• **TASK REQUIREMENTS**
Among the entries below, which lines run from the line with "- Magnetic locking" through the line with "Как сообщает Statista, лидером"? Retype those, both ends included, exactly and without pictures.

• **RECORD EXTRACTS**
▬▬▬▬▬▬▬▬▬▬

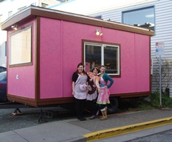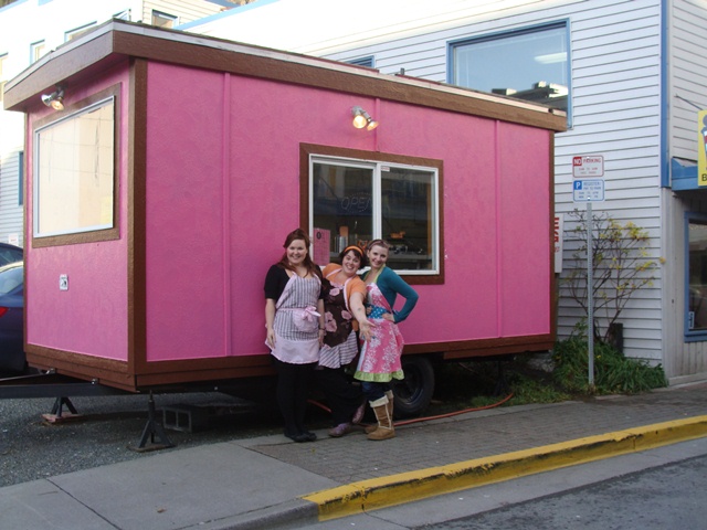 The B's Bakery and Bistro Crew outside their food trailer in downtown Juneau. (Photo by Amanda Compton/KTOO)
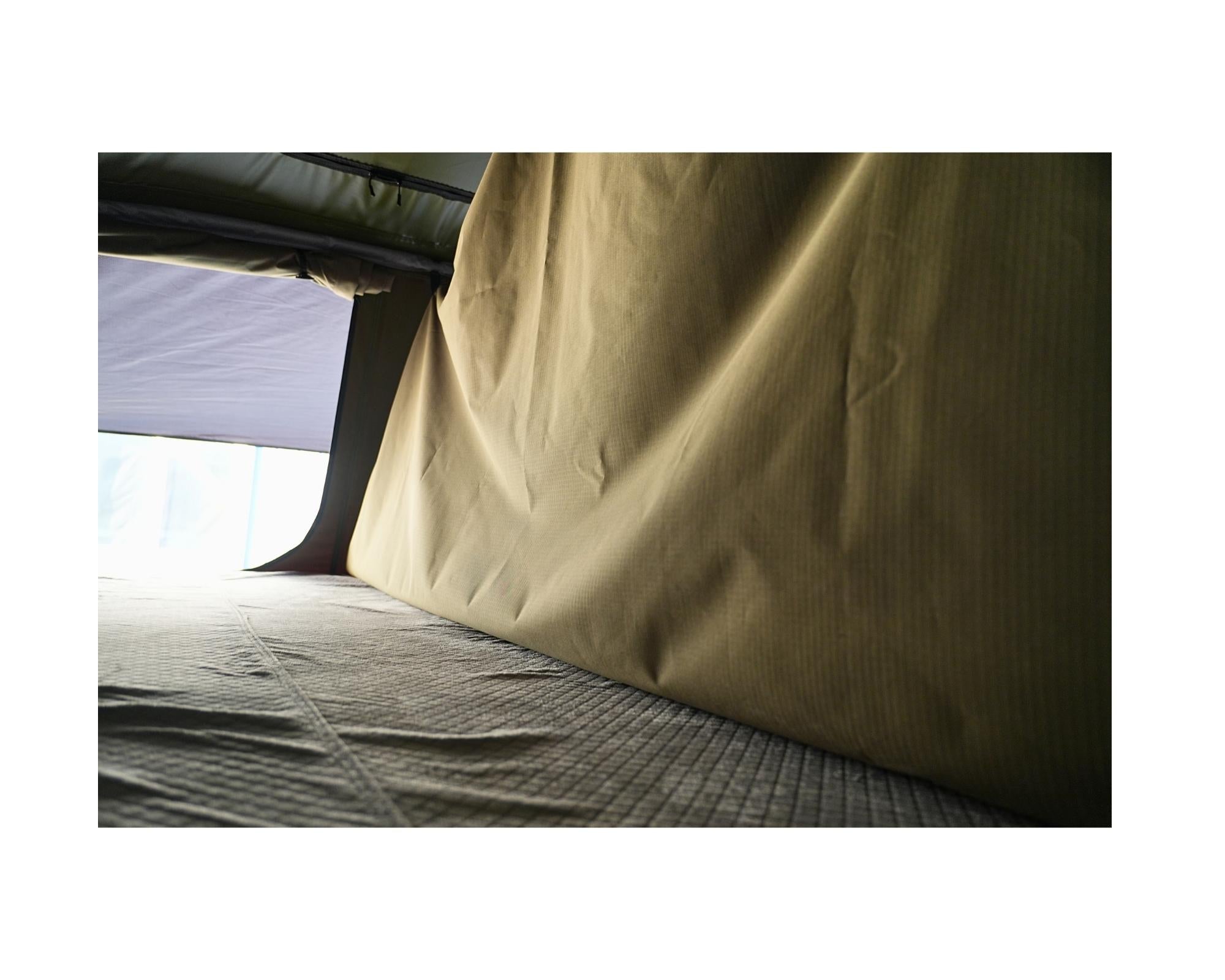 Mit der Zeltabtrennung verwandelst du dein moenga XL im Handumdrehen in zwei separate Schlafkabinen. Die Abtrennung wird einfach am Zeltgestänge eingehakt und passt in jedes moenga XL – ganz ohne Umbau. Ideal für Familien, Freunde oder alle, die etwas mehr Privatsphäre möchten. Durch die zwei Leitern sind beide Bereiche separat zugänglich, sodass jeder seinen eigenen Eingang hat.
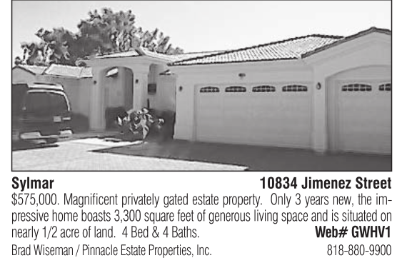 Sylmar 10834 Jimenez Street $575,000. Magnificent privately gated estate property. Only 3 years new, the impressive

▬▬▬▬▬▬▬▬▬▬

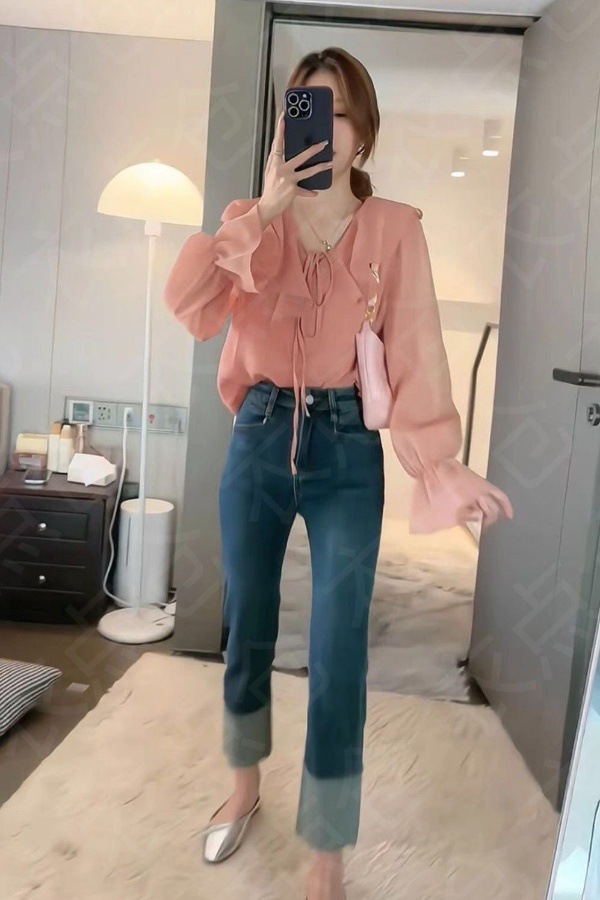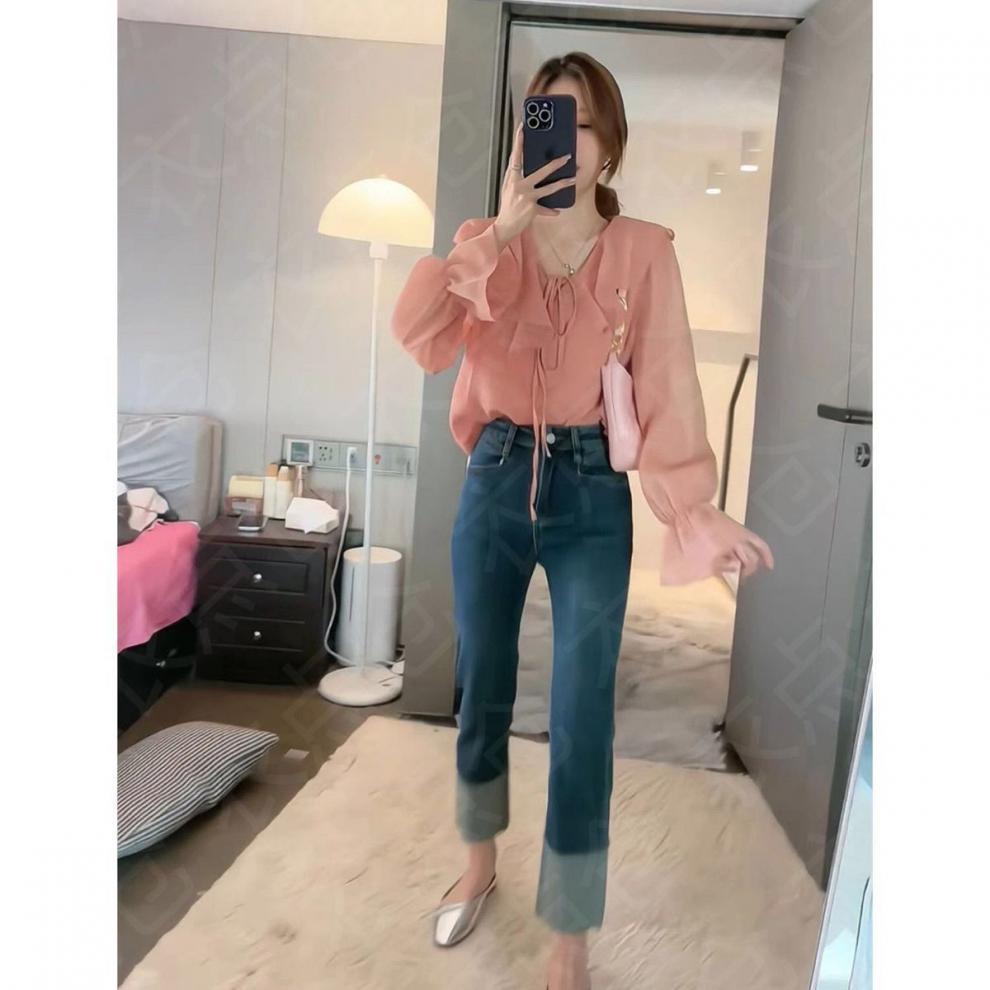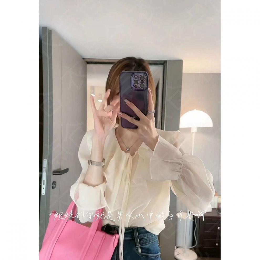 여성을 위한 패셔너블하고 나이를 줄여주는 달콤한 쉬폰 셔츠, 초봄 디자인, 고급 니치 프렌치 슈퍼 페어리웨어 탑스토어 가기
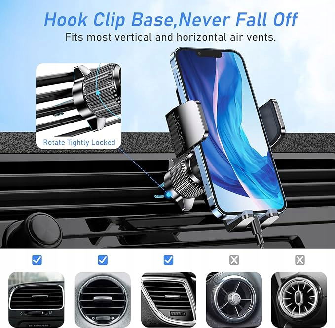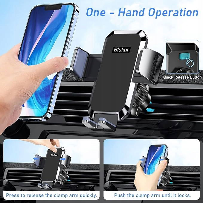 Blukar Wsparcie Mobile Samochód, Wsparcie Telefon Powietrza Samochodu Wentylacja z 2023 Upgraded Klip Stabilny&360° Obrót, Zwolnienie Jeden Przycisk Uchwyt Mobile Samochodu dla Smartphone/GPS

▬▬▬▬▬▬▬▬▬▬

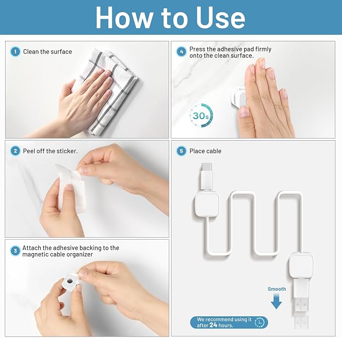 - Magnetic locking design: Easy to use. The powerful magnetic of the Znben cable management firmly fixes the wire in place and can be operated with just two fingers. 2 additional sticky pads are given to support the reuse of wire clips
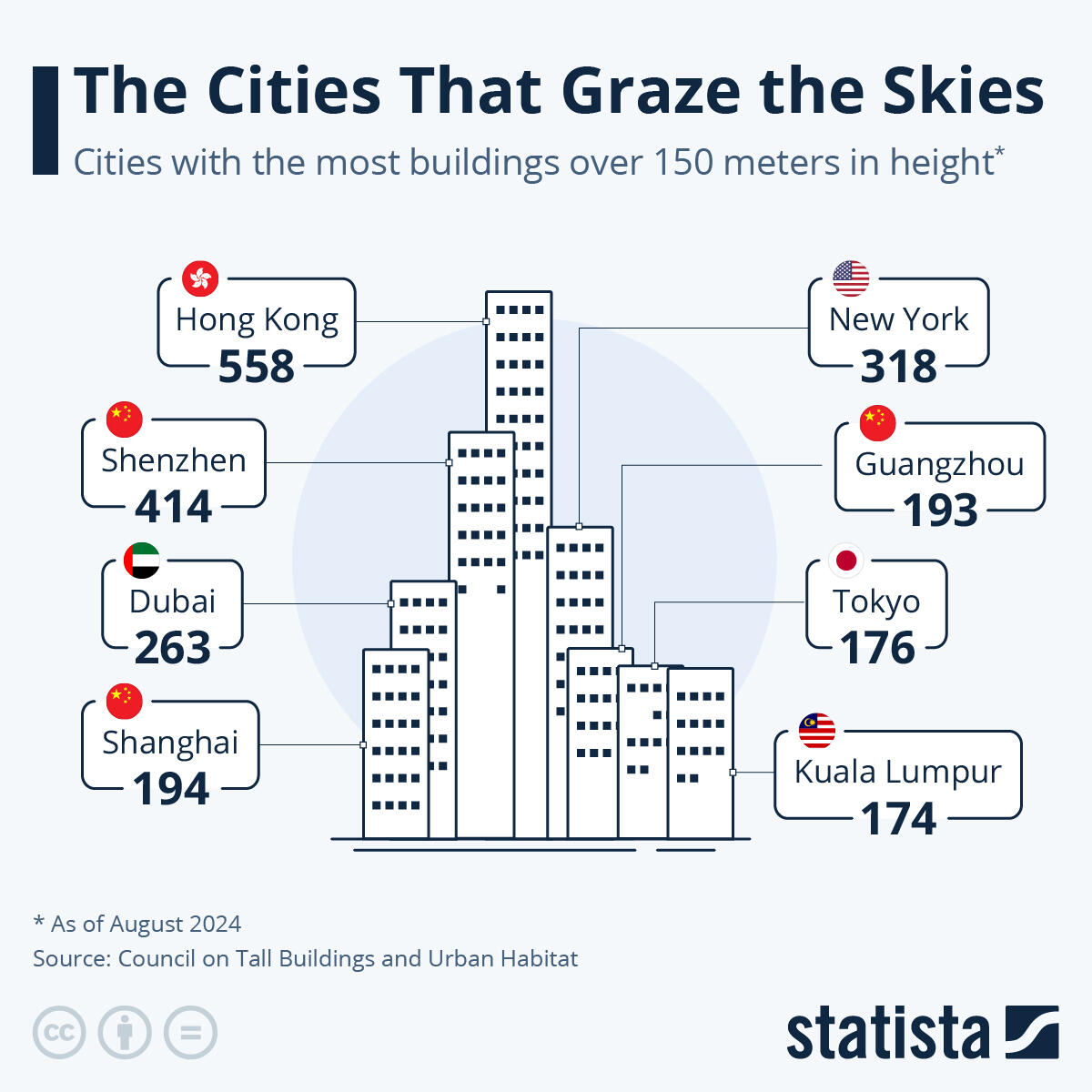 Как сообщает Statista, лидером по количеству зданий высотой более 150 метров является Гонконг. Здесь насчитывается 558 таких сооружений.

▬▬▬▬▬▬▬▬▬▬

• **EXERCISE RESULT**
 - Magnetic locking design: Easy to use. The powerful magnetic of the Znben cable management firmly fixes the wire in place and can be operated with just two fingers. 2 additional sticky pads are given to support the reuse of wire clips
 Как сообщает Statista, лидером по количеству зданий высотой более 150 метров является Гонконг. Здесь насчитывается 558 таких сооружений.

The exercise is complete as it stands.